Thanks, will try that tonight! Regarding the security, should I put it on what it previously was - Mixed WPA-PSK+WPA2-PSK?

Also, I chose channel 5 because there are no other routers close by using 5. There is a 6 close by (as can be seen in my Xirrus screenshot). Should I still proceed to change the channel to 6? 

Thanks for all the help Etaf! I really appreciate it!


----------



## etaf

*Re: Wireless Problems - Netgear N150 ADSL2 Router*

Ch 6 it may make a difference 

the channels overlap each other - 
But 1 6 and 11 do not overlap 

5 overlaps 1 and 6 
see diagram below 

put back the same security WPA and WPA2 are good -


----------



## Rusty13

*Re: Wireless Problems - Netgear N150 ADSL2 Router*

Etaf, I did what you said last night & it actually was MUCH better! I couldnt believe the difference! Thank you so much! I'm going to continue observing until the weekend, just in case last night was a one off non-busy time, but it definitely made a difference! 
Thank you!!


----------



## Rusty13

*Re: Wireless Problems - Netgear N150 ADSL2 Router*

Seems fine now !! Thank you so much to all those that helped... Especially Etaf! I'm glad that it turned out to be a simple solution rather than me getting a new router.


----------



## etaf

excellent - :4-cheers: thanks for letting us know


----------



## Rusty13

Hi All,

Sorry to resurrect this thread, but it turns out that the problem has re-appeared recently. My wireless speeds have dropped drastically & I have had to use the cable. I have attached a Xirrus screenshot. Any help would be appreciated. 

Thanks


----------



## etaf

go through the same process of powercycle - remove the security and connect then add the security back on 
also it may be worth changing to wireless channel 1 in the router settings


----------



## Rusty13

Thanks for replying Etaf! I will try that when I get home this evening. Would 1 be the best channel, given the other connections in the neighbourhood? Just wanted to clarify as I don't really understand that "overlapping chart."  
Cheers


----------



## etaf

you can choose any channel you like - or even set to auto and then the unit will decide on the channel - but if there are a lot of channels appear the unit will try and switch channels and can then disconnect 

from the chart if you where on channel 3 - you can see it overlaps with channels 1,2,4,5,6 
so if there are a lot of strong signals on those channels - then you are better off moving to 
7,8,9,10 or 11

in a high volume area it can be difficult to choose the correct channel - and if the other routers are on auto- they will change channels anyway


----------



## Rusty13

In that case would you advise me to put it on auto? The last time this occured switching to channel 6 is what fixed it so the problem was specifically down to the channel. Could this problem be permanently solved by getting a new/better router? 
Thanks


----------



## etaf

> Could this problem be permanently solved by getting a new/better router?
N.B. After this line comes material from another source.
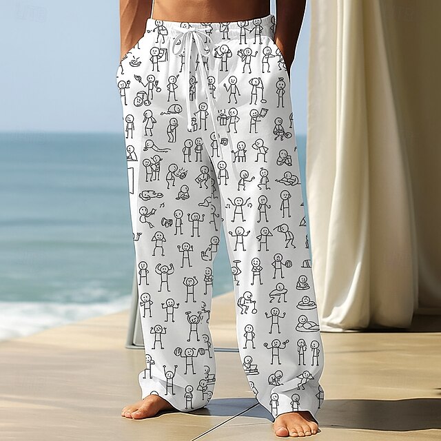 HOT ! Men's Trousers Baggy Pants Casual Pants Elastic Drawstring Waist Linen-Like Pants with Pockets People Stick Figure Full Length Outdoor Vacation Funny Black White Inelastic

 not really other than using a router which has the 5GHZ range - but all your devices would need to work with that 

i would experiment with different channels , as you say changing to 6 helped last time



> In that case would you advise me to put it on auto?


 you could try that - the only issues i have seen are in a very busy wireless environment - the router can keep changing channels and you get the occasional disconnect 


> The last time this occured switching to channel 6 is what fixed it so the problem was specifically down to the channel.


 due to the number of wireless networks on the channel - you were on 11 and you had quite a few on channel 11 at that time - looking at the old xirrus screen shot
now you have 6 and 9 nearby - so 1 will probably fix again 

see how you get on


----------



## Rusty13

Got it! Thanks Etaf! I'll report back later this evening...


----------